The Toledo, Ohio-based REIT will become an umbrella partnership real estate investment trust (UPREIT), which involves forming a publicly traded parent company that will adopt the Welltower name.
The existing REIT will convert to a Delaware limited liability company called “Welltower OP LLC” and will be controlled by the new parent entity.
The new UPREIT will continue to trade on the New York Stock Exchange as “WELL.”
The move is not expected to have any impact on the company’s financial position or leadership structure, nor will it affect its existing shareholders, debt security holders, lenders or other constituencies.

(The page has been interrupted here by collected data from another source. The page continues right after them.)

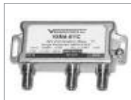
Single Sided Mini Drop Amplifier 54 MHz to 1 GHz (Boxed)

This compact digital ready amplifier has all ports on one side for use in restricted spaces and drop boxes, and features 6 KV combination wave surge protection, triple plated Zinc housing for maximum corrosion protection, precision machined brass 'F' Connectors and an internal Diplexor for increased band isolation. Power Adapter included.
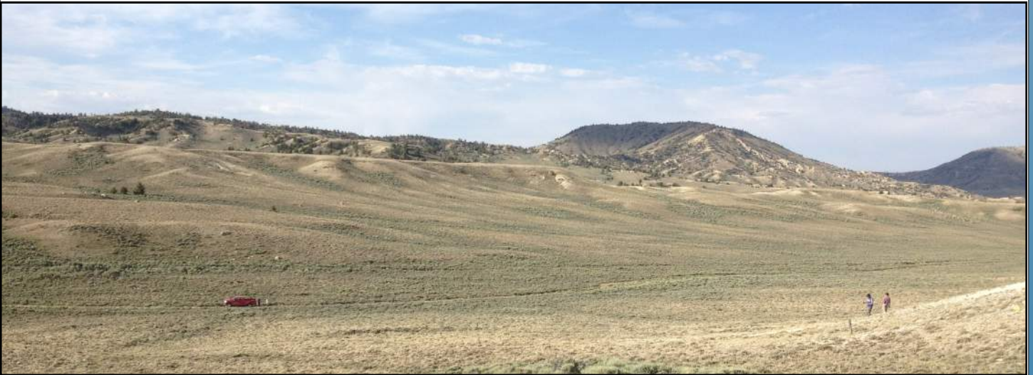
Wildlife technicians in search of pygmy rabbits near Crook's Gap, Wyoming in June 2012.
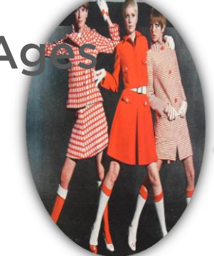
SWINGING SIXTIES c. 1960s
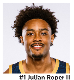
Jr. // G // 6-4 Detroit, MI St. Mary's / Northwestern
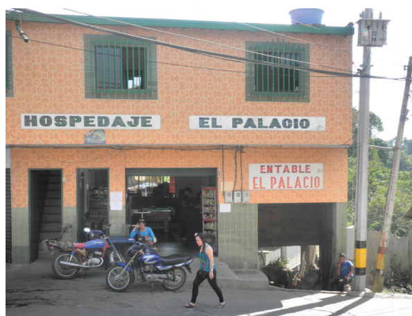
Figure 6. Remedios entable hospedaje above

In Colombia, gold ore may also be treated in ball-mills in shops known as entables (figure 6); mercury is added to the sediments in the ball-mill, the mixture is tumbled, and then the amalgam is removed and burned to volatilize the mercury and recover the gold. This final burning (called refogado only in Perú) helps the gold dealer gauge the purity of the gold, set a price and, most importantly, the gold is always visible to the dealer and to the miner. The doré from the gold shop in Remedios, Dept. Antioquia, for example, is then taken to Medellín (C.I. Fundación Escobar S.A., Calle 33 no. 43-78) for further refining and parting of the gold and silver.
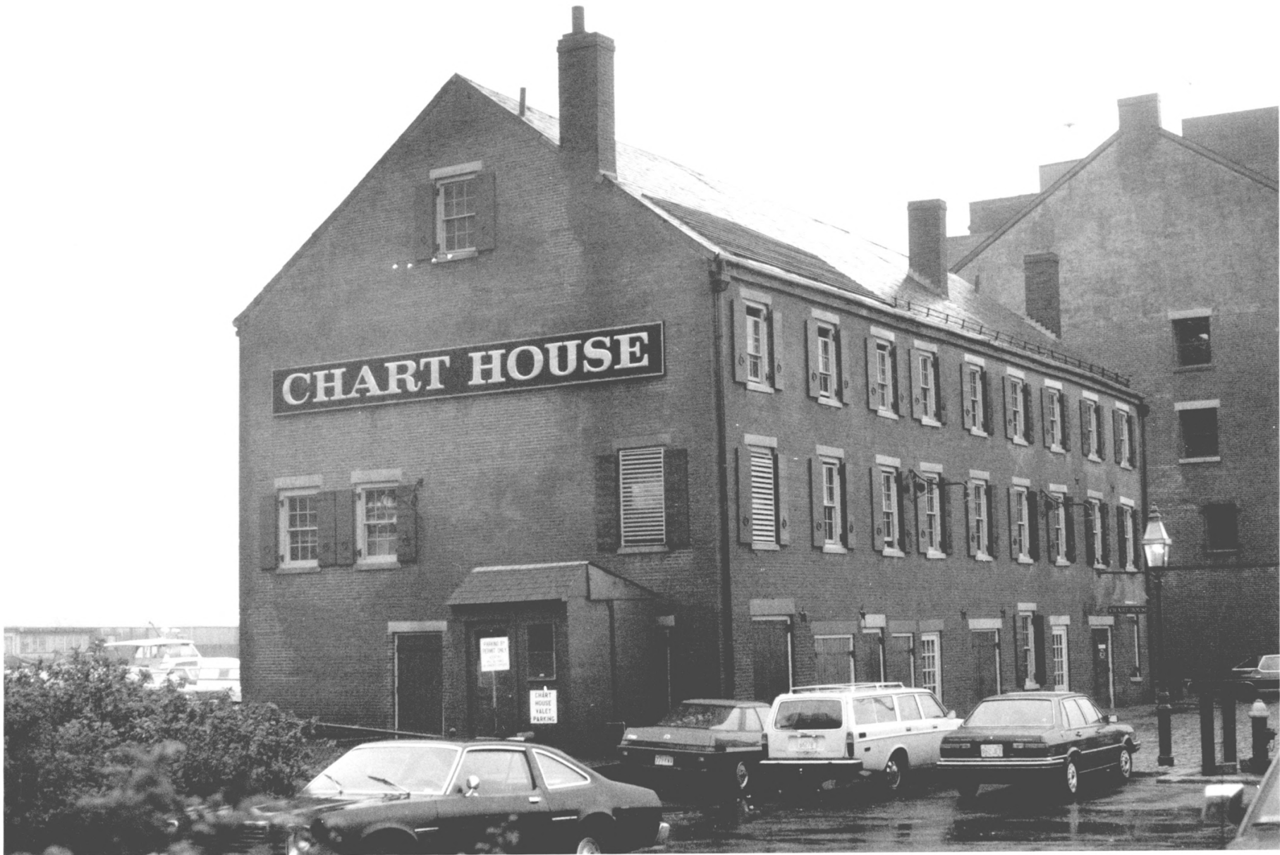
LONG WHARF & CUSTOM HOUSE BLOCK SUFFOLK, MA

Welltower said the reorganization will better align its corporate structure with other publicly traded REITs.
“Additionally, we believe that the conversion will further expand our already robust external growth pipeline, as OP units potentially offer a unique tool for sellers seeking tax deferral and advanced tax planning,” Welltower CEO Shankh Mitra said in a news release.
The holding company reorganization is set to take effect on April 1. The process to convert the LLC is effective, pending approval, shortly after the annual shareholder meeting.
On the same day, National Health Investors (NYSE: NHI) announced it had reached a memorandum of understanding in its lawsuit against Welltower.
NHI alleged that Welltower had failed to honor certain legal obligations following the REIT’s acquisition of 26 communities formerly leased to Holiday Retirement from NHI.
NHI and Welltower have agreed under the memorandum that they would work to find new tenants for 16 legacy Holiday properties.
Welltower also agreed to pay NHI approximately $6.9 million in an escrow account until the final settlement is filed in court. NHI is also entitled to the entirety of an $8.8 million security deposit.